═══ EXTRACTED MATERIAL

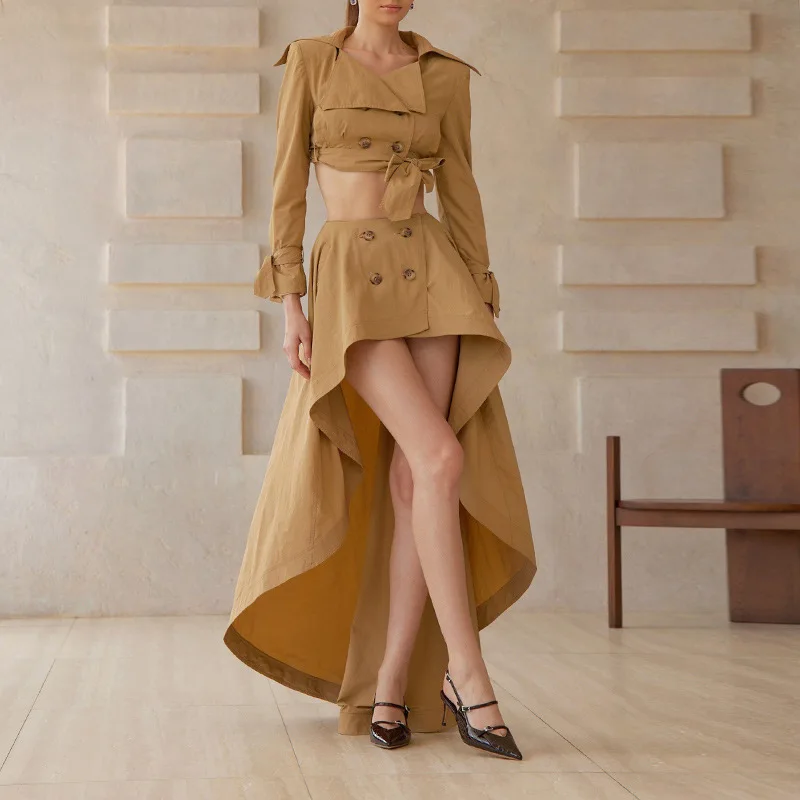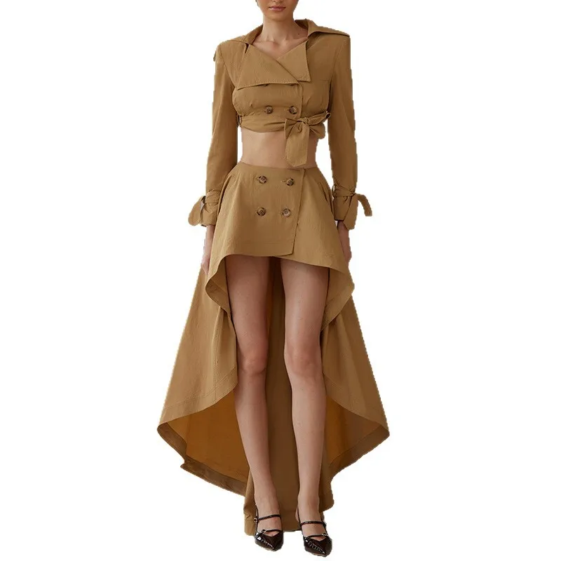 Factory Wholesale Fall/Winter New French Vintage Casual Shirt Bow Fitted Lapel Short Top + High-Waisted Irregular Skirt Set
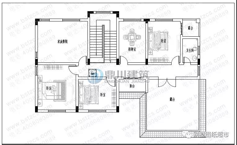 三 層:家庭影院、棋牌室、臥室(附露臺(tái))、2臥室、衛(wèi)生間、陽(yáng)臺(tái)、露臺(tái)
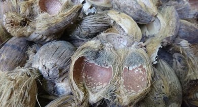 In the ripe fruit the husk becomes yellow or orange and, as it dries, the fruit inside hardens to a wood-like consistency. At that stage the areca nut can only be sliced using a special scissor-like cutter.
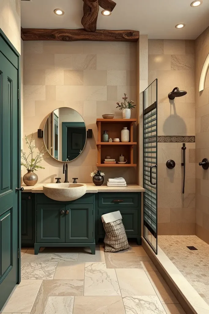 My personal favorite for this style is using river stones as a flooring option for walk-in showers. These things paired with green tile are a stunning visual and feel great underfoot. Architectural Digest suggests this pairing has become a rising favorite for 2025 bathroom renovations. Furthermore adding real plants, such as snake plants or ferns, seem to visually and environmentally uplift the space.
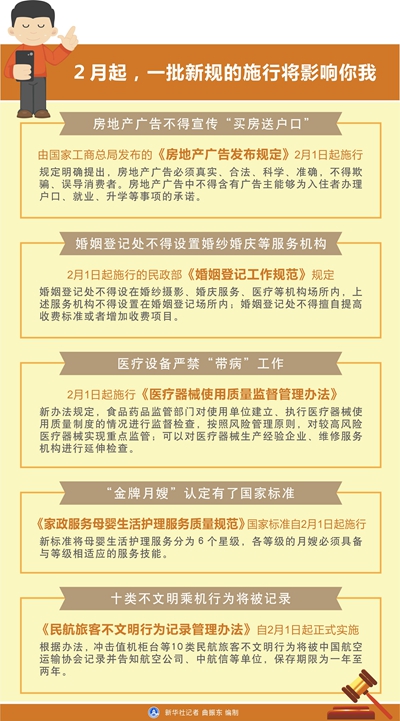 新华社北京1月31日电(记者白阳)这个2月,中国老百姓好事连连。除了农历新年即将来临,一批与民生息息相关的新规也将在本月施行。
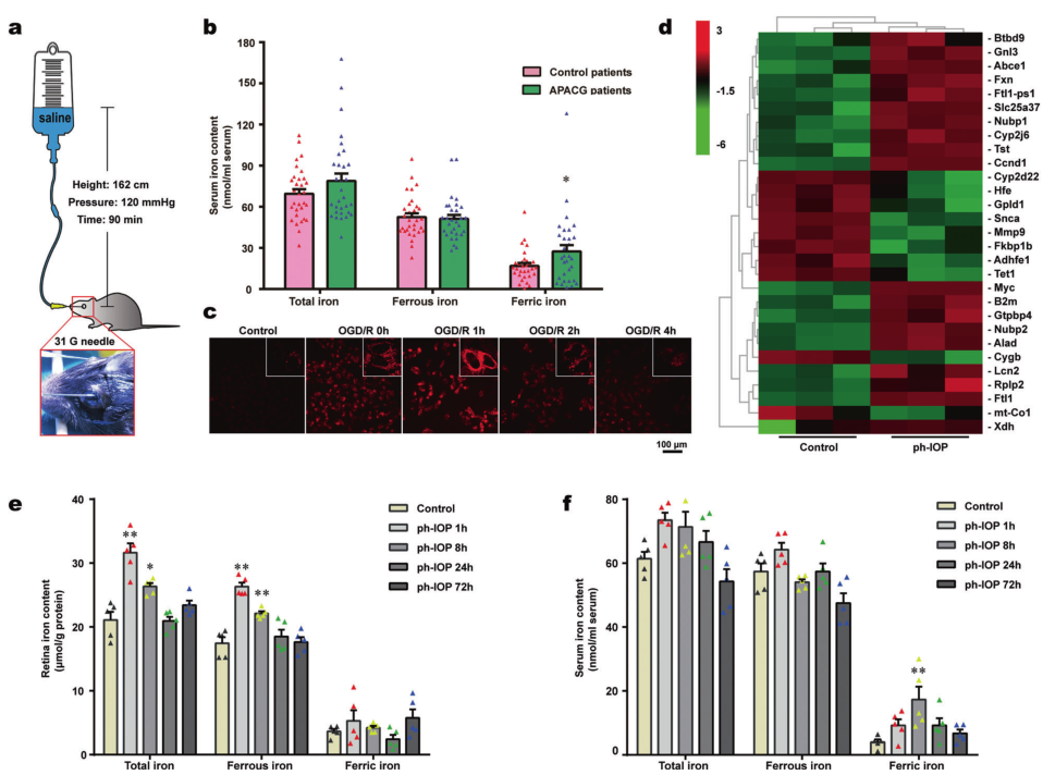2. 體外和體內(nèi)實驗證實了,ph-IOP可以在損傷早期導(dǎo)致細胞和視網(wǎng)膜內(nèi)二價鐵離子異常積累,損傷后8h血清中三價鐵離子水平升高;

══════

TASK DIRECTIONS: Everything in the listing is to be returned word for word, except the pictures.

EXERCISE ANSWER:
 Factory Wholesale Fall/Winter New French Vintage Casual Shirt Bow Fitted Lapel Short Top + High-Waisted Irregular Skirt Set
 三 層:家庭影院、棋牌室、臥室(附露臺(tái))、2臥室、衛(wèi)生間、陽(yáng)臺(tái)、露臺(tái)
 In the ripe fruit the husk becomes yellow or orange and, as it dries, the fruit inside hardens to a wood-like consistency. At that stage the areca nut can only be sliced using a special scissor-like cutter.
 My personal favorite for this style is using river stones as a flooring option for walk-in showers. These things paired with green tile are a stunning visual and feel great underfoot. Architectural Digest suggests this pairing has become a rising favorite for 2025 bathroom renovations. Furthermore adding real plants, such as snake plants or ferns, seem to visually and environmentally uplift the space.
 新华社北京1月31日电(记者白阳)这个2月,中国老百姓好事连连。除了农历新年即将来临,一批与民生息息相关的新规也将在本月施行。
2. 體外和體內(nèi)實驗證實了,ph-IOP可以在損傷早期導(dǎo)致細胞和視網(wǎng)膜內(nèi)二價鐵離子異常積累,損傷后8h血清中三價鐵離子水平升高;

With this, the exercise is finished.